## What this task involves
For this exercise, output the entries below exactly from the line that holds "This post is" to the line that holds "- 2022年9月共有91家", both ends included. No pictures belong in the copy.
[Data listing Boundary: Start]
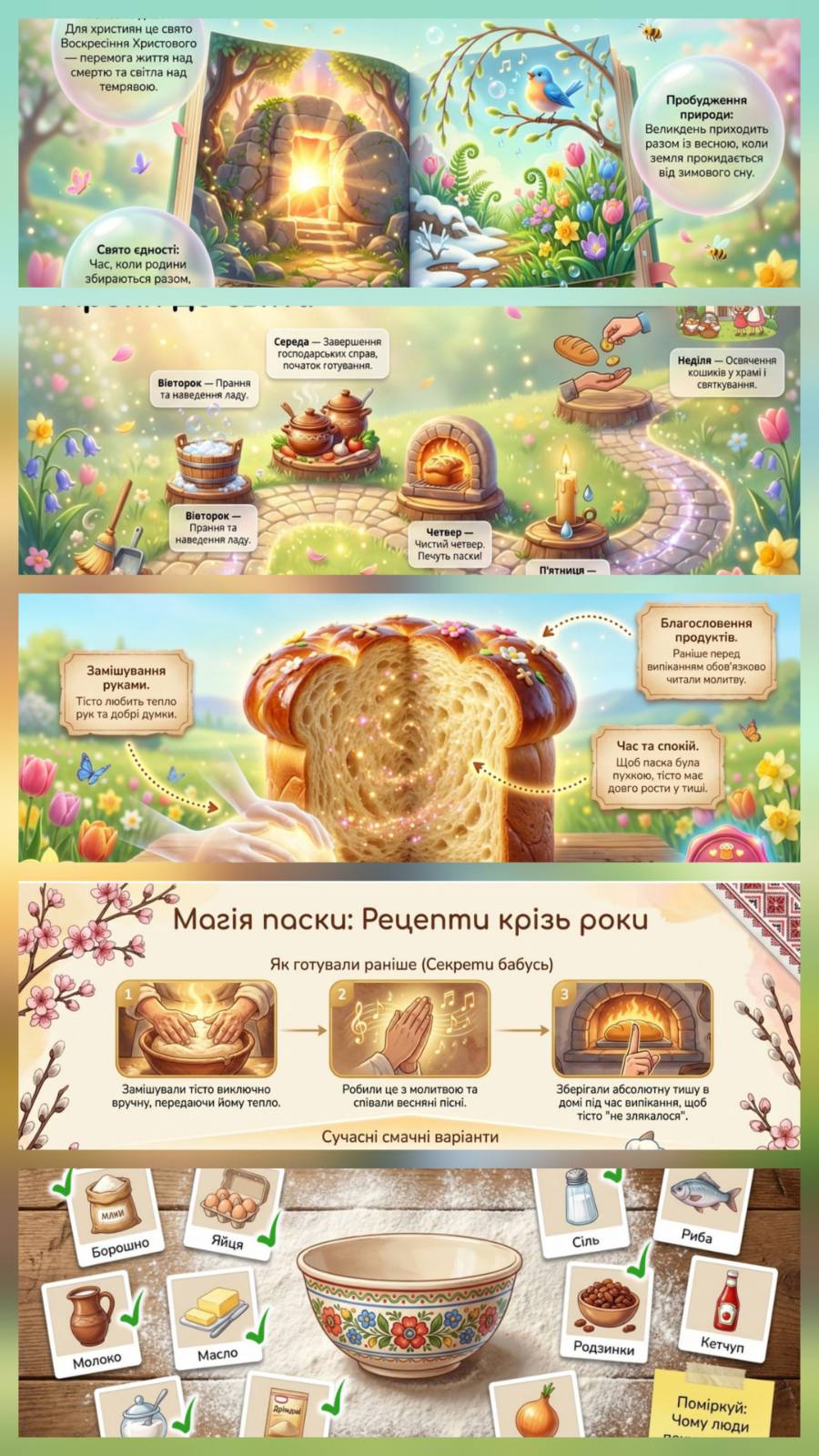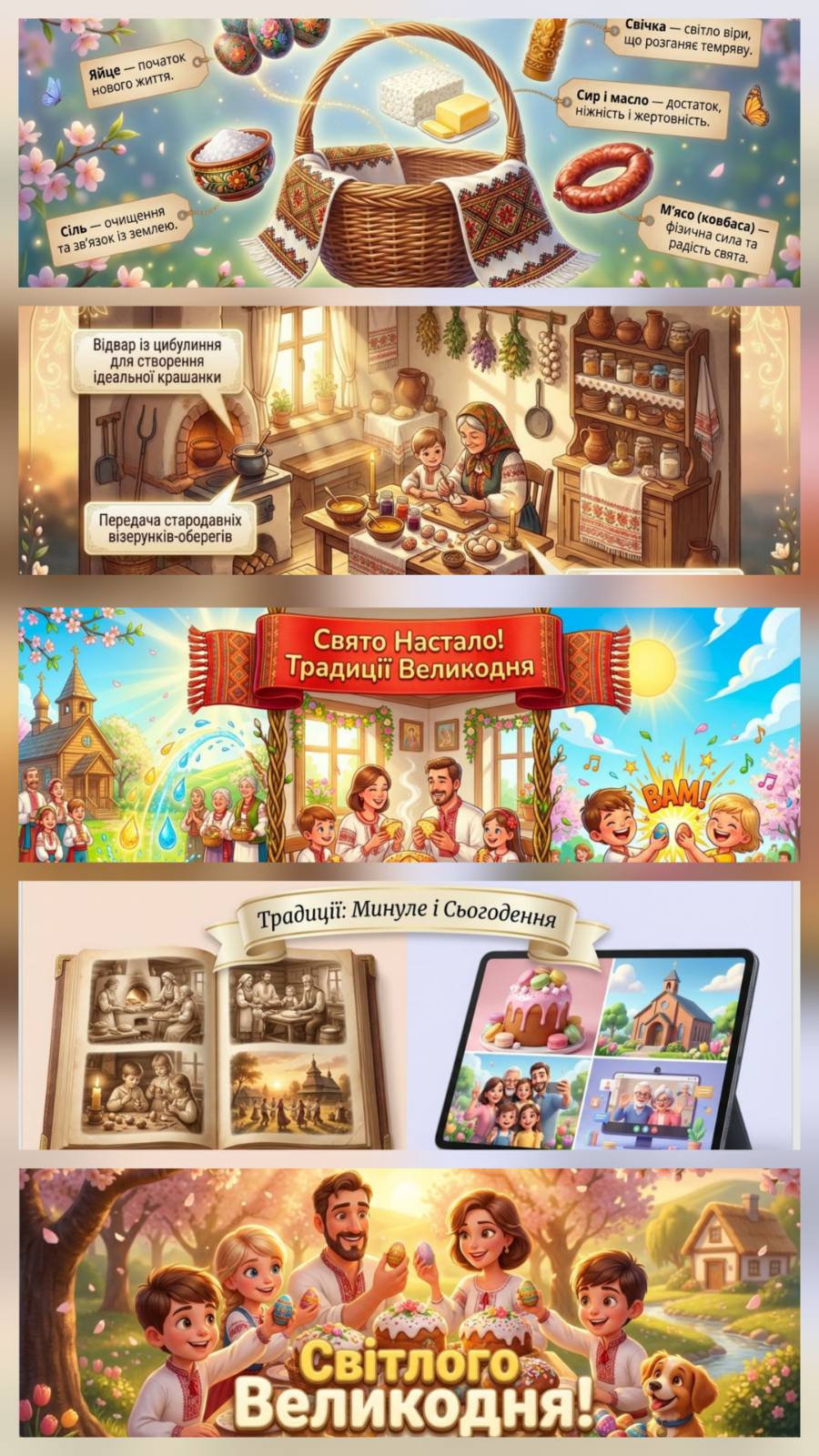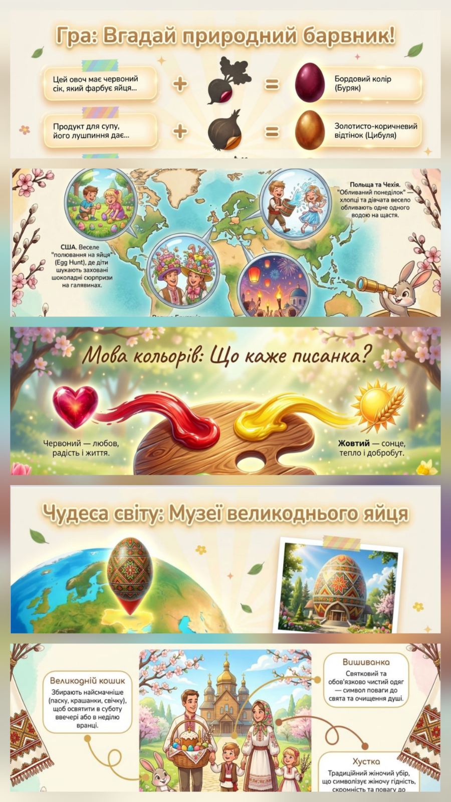 Під час заняття діти поринули у світ давніх звичаїв та обрядів, дізналися про значення Великодня, символіку писанок і крашанок, а також ознайомилися з традиційними великодніми стравами. Учні активно долучалися до обговорень, відповідали на запитання та із задоволенням ділилися сімейними традиціями святкування.
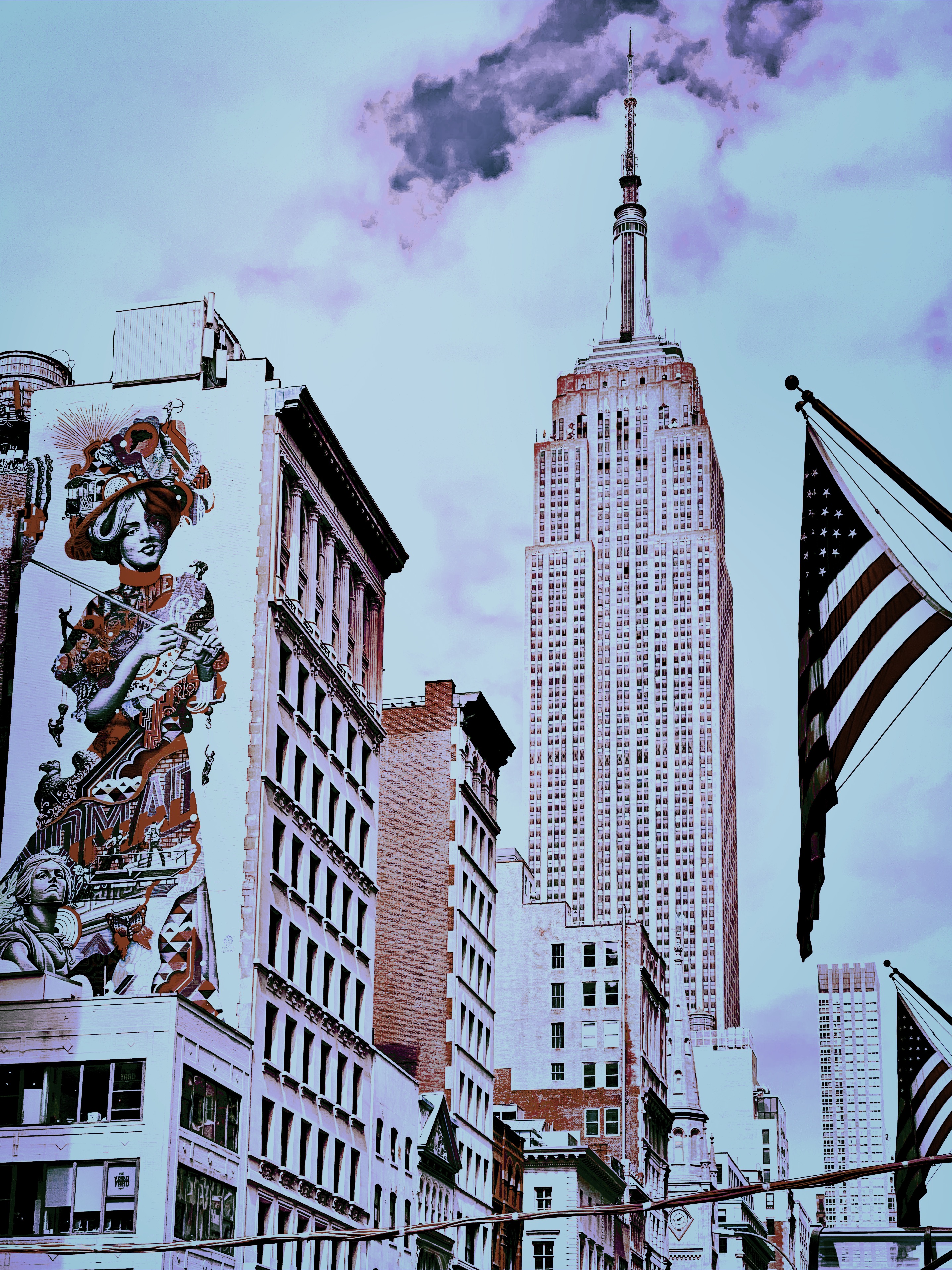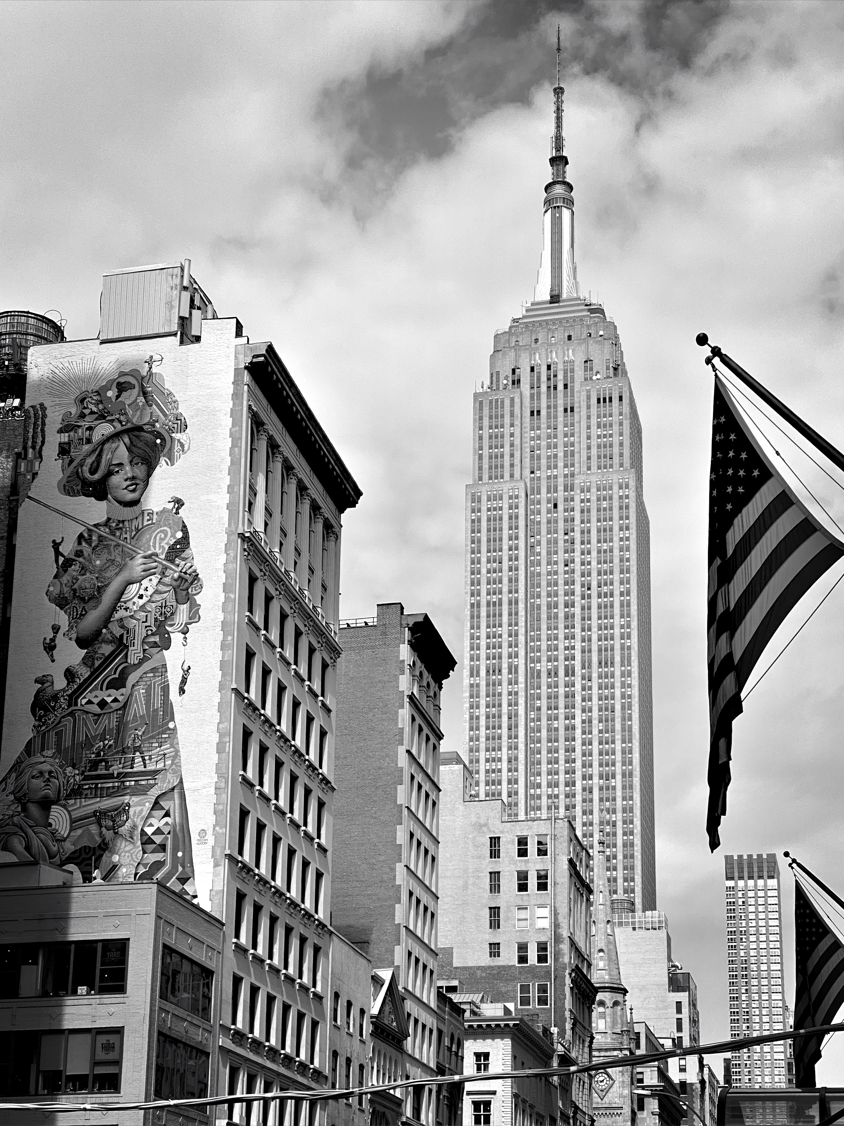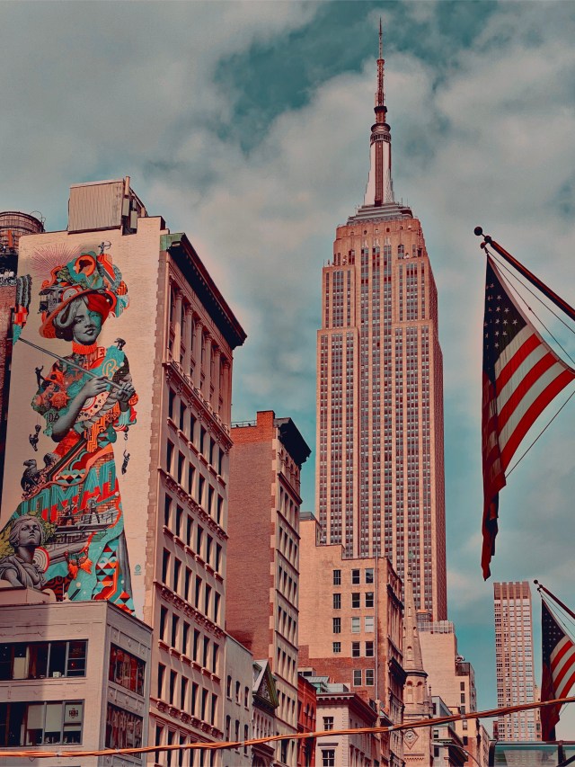 This post is another photograph I took in New York City this week — the Empire State Building, street art, and flags over Fifth Avenue.
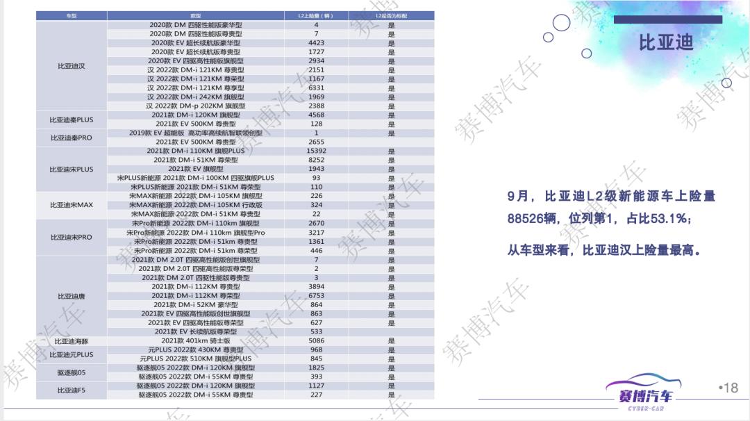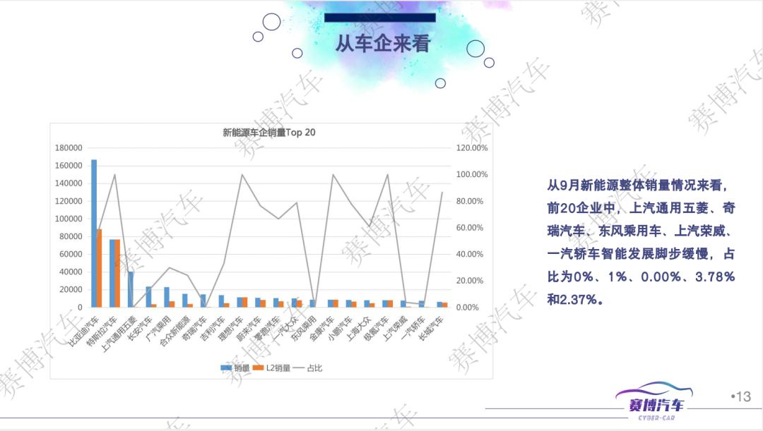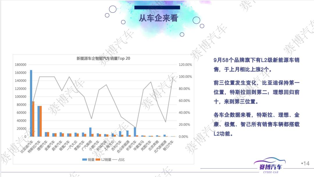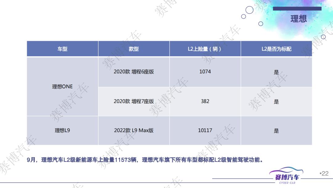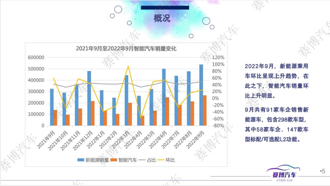 - 2022年9月共有91家车企销售新能源车,包含298款车型,其中58家车企、147款车型标配/可选配L2功能。新能源车销量中智能汽车占比为49.72%,高于8月的44.62%。
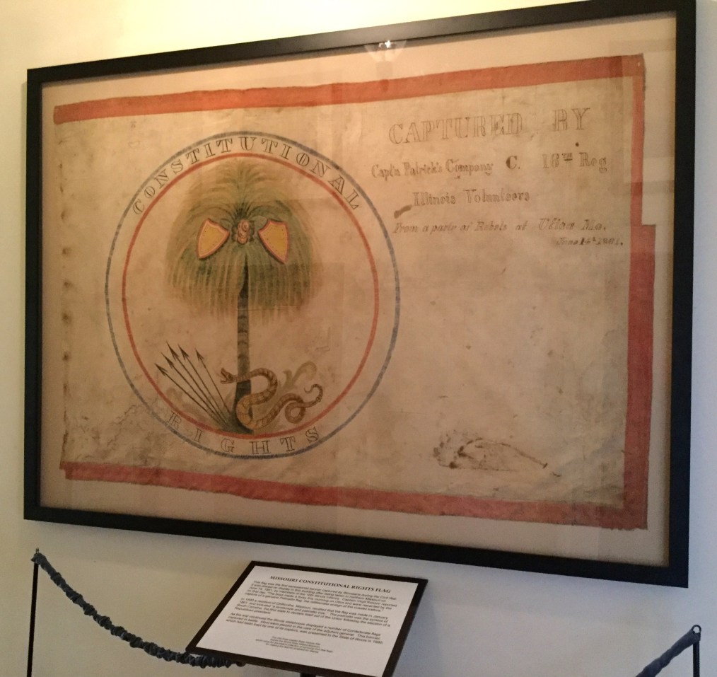 Missouri Constitutional Rights Flag captured by Union soldiers on June 14th, 1861, Old State Capitol Building, Springfield, Illinois. The claim that the Southern states seceded primarily over states’ rights issues is an oft-repeated one, and I think a troubling one for two reasons. For one, it’s part of a long tradition of trying to sidestep or minimize the problems of race-based slavery and the resulting intransigent racism that has plagued our country since its formative years, often on the part of people who don’t want to support laws that promote racial equality. For another, this states’ rights claim was as disingenuous then as it is now: the Southern states seceded not because the federal government was trying to stop slavery in their states. There was, as yet, no concerted attempt to do so. They were incensed that the federal government, in their view, was not doing enough to enforce the legal right to own slaves in free states: by forcing local governments and private individuals, against their own philosophical and religious convictions, to return escaped slaves; to allow slaveowners to retain their rights to own slaves when they traveled and even moved to free states; and to extend the rights to own slaves to new territories.
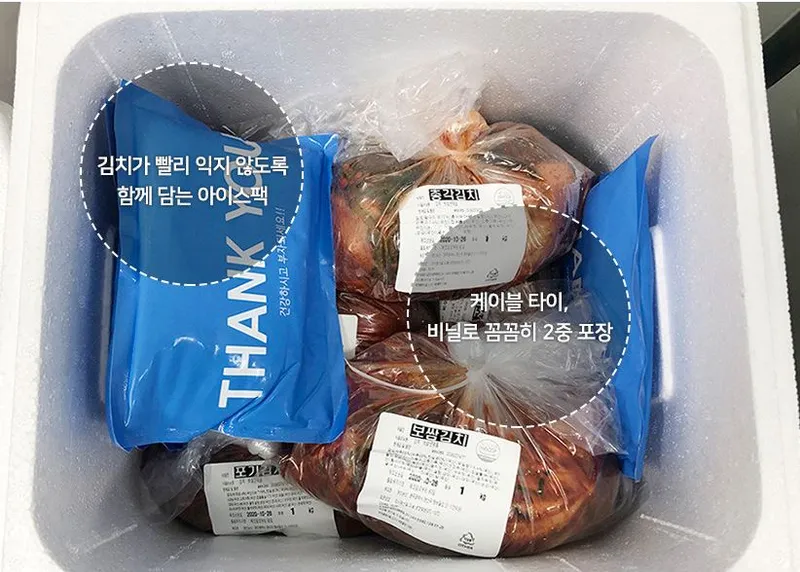 국물이 새지 않도록 케이블타이와 비닐로 꼼꼼히 포장하여 보내드립니다.
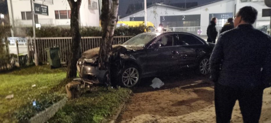 Večeras je na križanju Zagrebačke ulice i Ulice Slavka Kolara došlo do prometne nesreće kod Robne kuće u kojoj je automobil marke Audi izletio s kolnika, te preko nogostupa za pješake uletio u dvorište caffe bara Scotch.
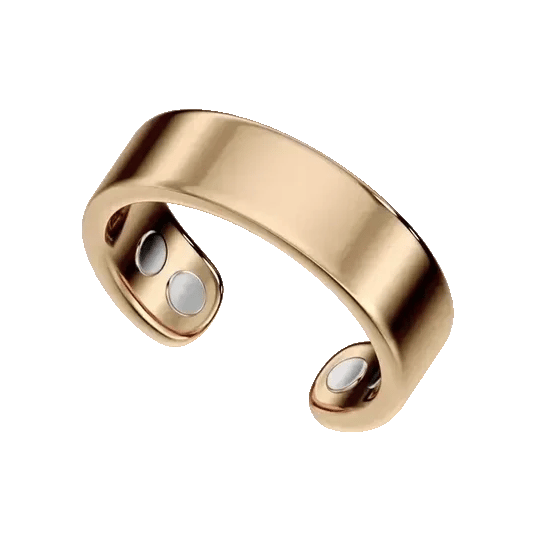 The ring is stainless steel, hypoallergenic, and safe for everyday wear. If you have any implantable medical devices or specific health conditions, consult your physician before use.
[Data listing Boundary: End]
## Expected answer
 This post is another photograph I took in New York City this week — the Empire State Building, street art, and flags over Fifth Avenue.
 - 2022年9月共有91家车企销售新能源车,包含298款车型,其中58家车企、147款车型标配/可选配L2功能。新能源车销量中智能汽车占比为49.72%,高于8月的44.62%。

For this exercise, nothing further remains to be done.